For pantomime to succeed, the audience must participate like celebrants at a Dionysic drama –worship through revelry. Their world must be turned upside
down and right cathartically restored. Pantomime is a theatrical experience where the unselfconscious participation of the audience makes the show. This
explains why it is the Hackney audience that compels attendance – the long- standing familiarity of the Hackney audiences to their panto, their absolute
suspension of disbelief (at all ages), their willingness to stand, to sing along, to be summoned onstage, carries the Hackney Mother Goose to deserved victory
in this theatrical agon.
Panto also requires a cohesive company – and the Hackney players seem like rep company of old – working seamlessly as one - Tony Marshall as the Squire
Purchase delicious antagonist to Mother Goose dressed in Cleo Pettit’s gargantuan costumes.
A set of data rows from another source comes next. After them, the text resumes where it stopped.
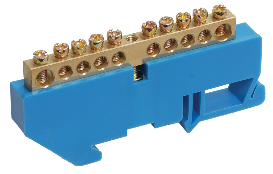 • Шина N "ноль" с DIN-изолятором 10отв, 125A, на DIN-рейку, 91мм / синий IEK ШНИ-8х12-10-Д-С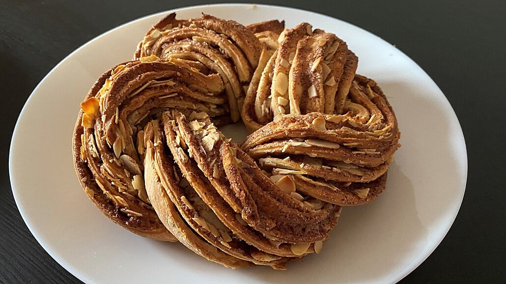 - Placky srolujeme do rolády a rozkrojíme podélně. Oba "hady" zapleteme do věnce. Troubu předehřejeme na 170 °C a pečeme 20 - 25 minut.
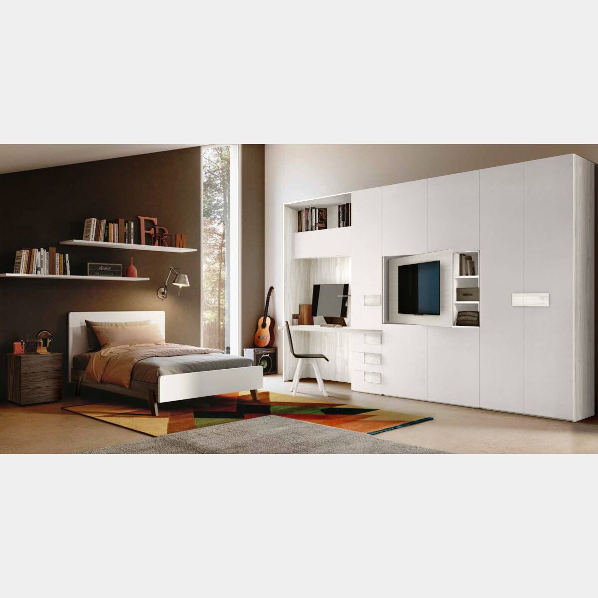L'armadio è dotato di un vano tv orientabile per assicurare una corretta visione della televisione in tutte le direzioni, posteriormente vi è una piccola libreria composta da 2 ripiani. Il modulo collegato alla zona studio prevede un'anta e 3 cassetti.

Although full of contemporary references – itself an ancient panto tradition-Mother Goose has the oldest of t he pantomime plots. The story itself traced through Aesop to ancient Indian fables of Bidpai it carries the moral fable that kindness can be swayed to greedy hardness until finding the path back to the good.
The dame has been played by Dan Leno and Grimaldi, the clowning has echoes of Shakespeare’s Will Kemp.
The Goose herself is like one of these satyrs comes to life on stage, she may be endearing but she bears an alarming resemblance to an extinct megafauna, a
gargantuan carnivorous bird of the jungle, in Hackney she is sweetly domesticated by Clive Rowe.